Genel olarak, avukatlık ücreti, avukatın hukukî yardımının karşılığı olan meblâğı veya değeri ifade eder(AK Md.164/1). Yüzde yirmibeşi aşmamak üzere, dava veya hükmolunacak şeyin değeri yahut paranın belli bir yüzdesi avukatlık ücreti olarak kararlaştırılabilir(AK Md.164/2). Avukatlık asgarî ücret tarifesi altında vekâlet ücreti kararlaştırılamaz. Ücretsiz dava alınması halinde, durum baro yönetim kuruluna bildirilir(AK Md.164/4).
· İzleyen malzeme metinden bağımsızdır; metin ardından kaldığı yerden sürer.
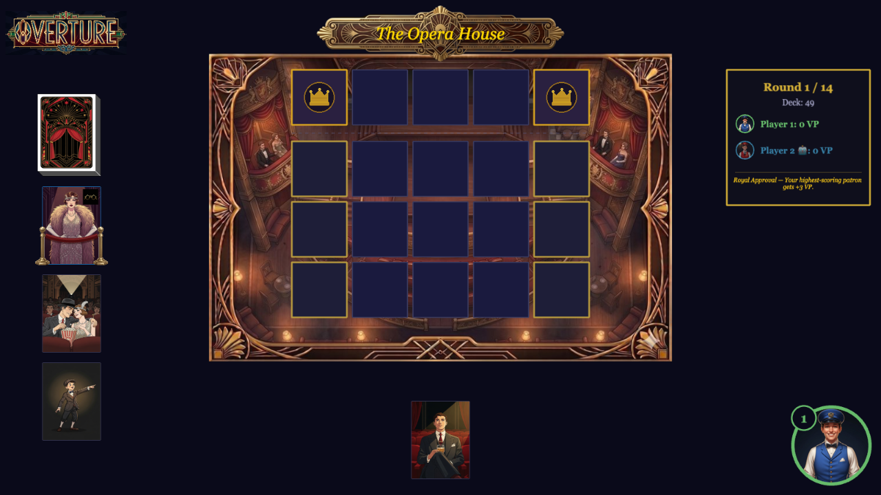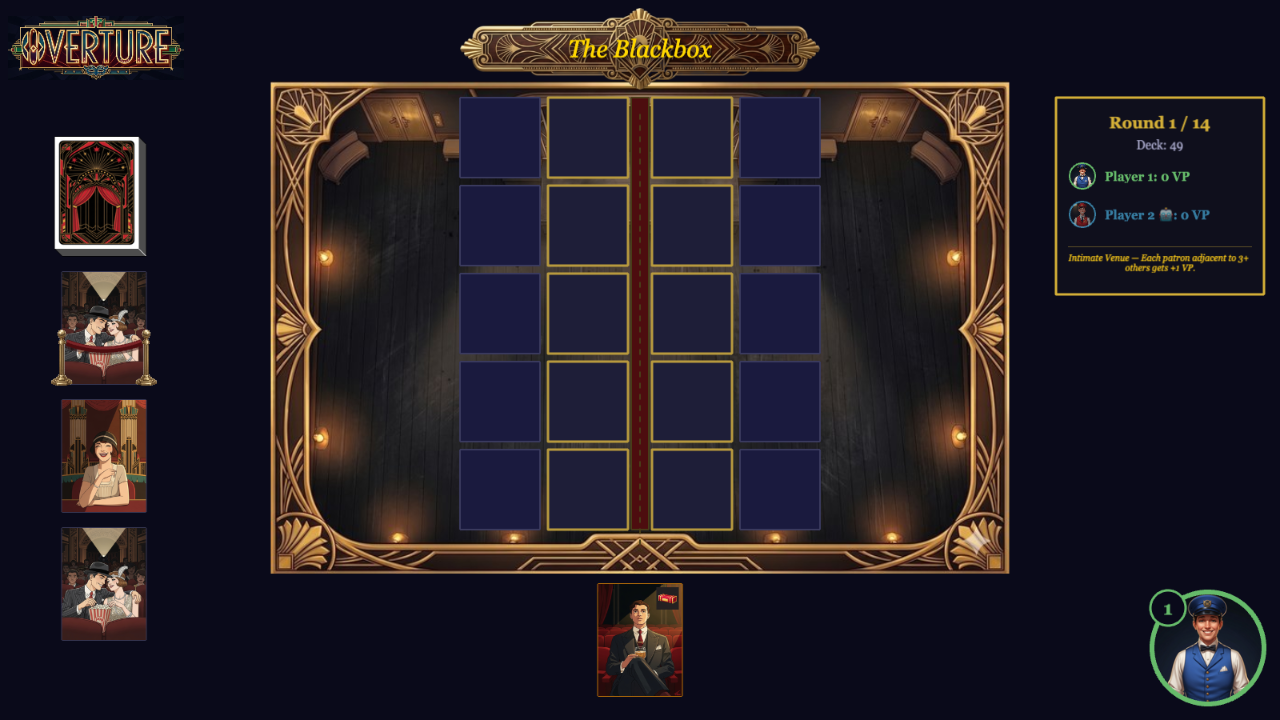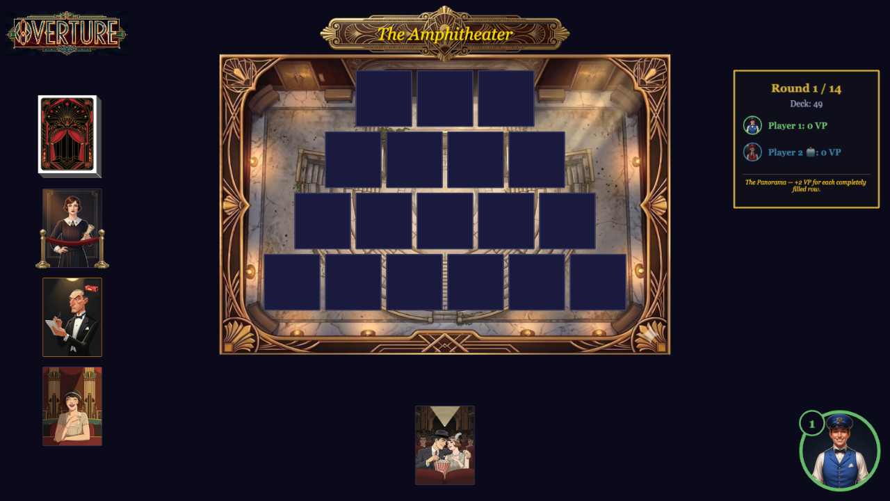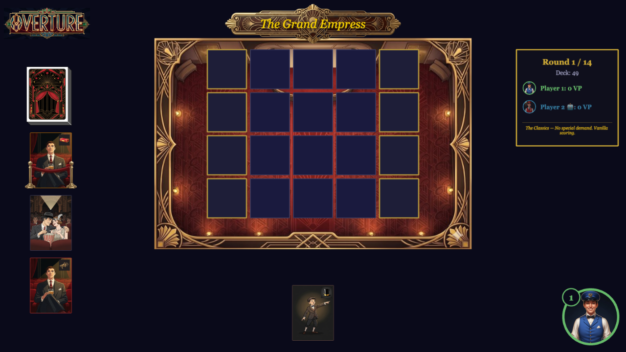 - Score: The curtains open when the deck is empty. Most Victory Points wins!

Avukatlık ücretinin kararlaştırılmamış olduğu veya taraflar arasında yazılı ücret sözleşmesinin bulunmadığı yahut ücret sözleşmesinin belirgin olmadığı veya tartışmalı olduğu veya ücret sözleşmesinin ücrete ilişkin hükmünün geçersiz sayıldığı hallerde; değeri para ile ölçülebilen dava ve işlerde asgari ücret tarifelerinin altında olmamak koşuluyla ücret itirazlarını incelemeye yetkili merci tarafından davanın kazanılan bölümü için avukatın emeğine göre ilâmın kesinleştiği tarihteki müddeabihin değerinin yüzde onu ile yüzde yirmisi arasındaki bir miktar avukatlık ücreti olarak belirlenir. Değeri para ile ölçülemeyen dava ve işlerde ise avukatlık asgari ücret tarifesi uygulanır(AK Md.164/4). Dava sonunda, kararla tarifeye dayanılarak karşı tarafa yüklenecek vekâlet ücreti avukata aittir. Bu ücret, iş sahibinin borcu nedeniyle takas ve mahsup edilemez, haczedilemez(AK Md.164/5).
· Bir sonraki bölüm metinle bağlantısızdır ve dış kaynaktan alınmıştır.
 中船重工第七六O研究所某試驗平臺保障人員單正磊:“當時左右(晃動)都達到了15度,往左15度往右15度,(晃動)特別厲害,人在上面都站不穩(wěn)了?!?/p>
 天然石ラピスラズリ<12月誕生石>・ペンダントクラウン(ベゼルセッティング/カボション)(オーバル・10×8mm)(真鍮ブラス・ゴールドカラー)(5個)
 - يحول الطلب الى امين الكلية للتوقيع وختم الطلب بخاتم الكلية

Avukatın azledilmesi halinde avukatlık ücretinin ödenip ödenmeyeceği husus ise Avukatlık Kanunu’nun 174/2 maddesinde düzenlenmiştir. Bu maddeye göre; “Avukatın azli halinde ücretin tamamı verilir. Şu kadar ki, avukat kusur veya ihmalinden dolayı azledilmiş ise ücretin ödenmesi gerekmez.” Dolayısıyla haksız azil halinde avukat, hangi aşamada olursa olsun, üstlendiği işin tüm vekalet ücretini talep etme hakkına sahiptir. Haklı azil halinde ise azil tarihi itibariyle sonuçlanıp, kesinleşen işlerden dolayı vekalet ücretinin ödenmesini talep edebilecektir, ancak azil tarihi itibariyle sonuçlanıp kesinleşmeyen işlerden dolayı vekalet ücreti talep etmesi mümkün değildir. Zira vekalet ilişkisi bir bütün olup azil, taraflar arasındaki tüm dava ve takiplere sirayet edecektir.[4]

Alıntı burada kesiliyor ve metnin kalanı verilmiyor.